The funnel shows significant attrition after the first purchase,
with only a minority of customers becoming repeat or high-value buyers.

In [6]:
funnel_counts = {
    "One-Time Customers": (customers["order_count"] == 1).sum(),
    "Repeat Customers": (customers["order_count"] > 1).sum(),
    "High-Value Customers": (customers["total_revenue"] > 1000).sum()
}

pd.Series(funnel_counts).plot(kind="bar", title="Customer Funnel Breakdown")
plt.ylabel("Number of Customers")
plt.show()

KeyError: 'order_count'

## Customer Value Distribution

Customer revenue is highly skewed, with a small subset contributing a
disproportionate share of total revenue.

In [None]:
sns.histplot(customers["total_revenue"], bins=50)
plt.title("Customer Revenue Distribution")
plt.xlabel("Total Revenue per Customer")
plt.show()

## RFM Segmentation

RFM analysis highlights a small group of high-frequency, high-value customers
(“Champions”) that represent a critical revenue segment.

In [None]:
rfm.groupby("rfm_segment")["monetary"].mean().sort_values().plot(
    kind="barh", title="Average Revenue by RFM Segment"
)
plt.show()

## Product Performance

Revenue is concentrated among a limited number of products,
creating potential dependency risk.

In [None]:
top_products = products.sort_values("total_revenue", ascending=False).head(10)
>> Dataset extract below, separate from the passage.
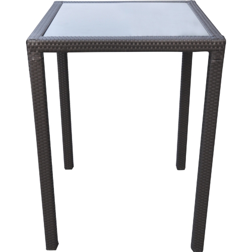 Armen Living LCTRBTBE Tropez Outdoor Poly Wicker Bar Table Brown w/ Black Glass Top

sns.barplot(x="total_revenue", y="product", data=top_products)
plt.title("Top 10 Products by Revenue")
plt.show()

## Returns Overview

Returns represent a small but important subset of transactions
and should be monitored for operational and quality insights.

In [None]:
returns = pd.read_csv("../data/processed/returns.csv")
returns.shape

## Business Recommendations

1. Prioritize retention strategies for first-time buyers
2. Invest in loyalty programs targeting repeat and RFM “Champion” customers
3. Diversify product offerings to reduce revenue concentration risk
4. Monitor returns as a signal of product or fulfillment issues

## Limitations & Next Steps

**Limitations**
- Historical dataset (2010–2011)
- No marketing channel or session-level data
- No customer demographics

**Next Steps**
- Predict repeat purchase probability using classification models
- Integrate time-based cohort analysis
- Build dashboards for ongoing monitoring

## Conclusion

This project demonstrates how clean data pipelines and structured analysis
can uncover meaningful insights from transactional data.
The findings reinforce the importance of customer retention and data-driven
decision making in e-commerce systems.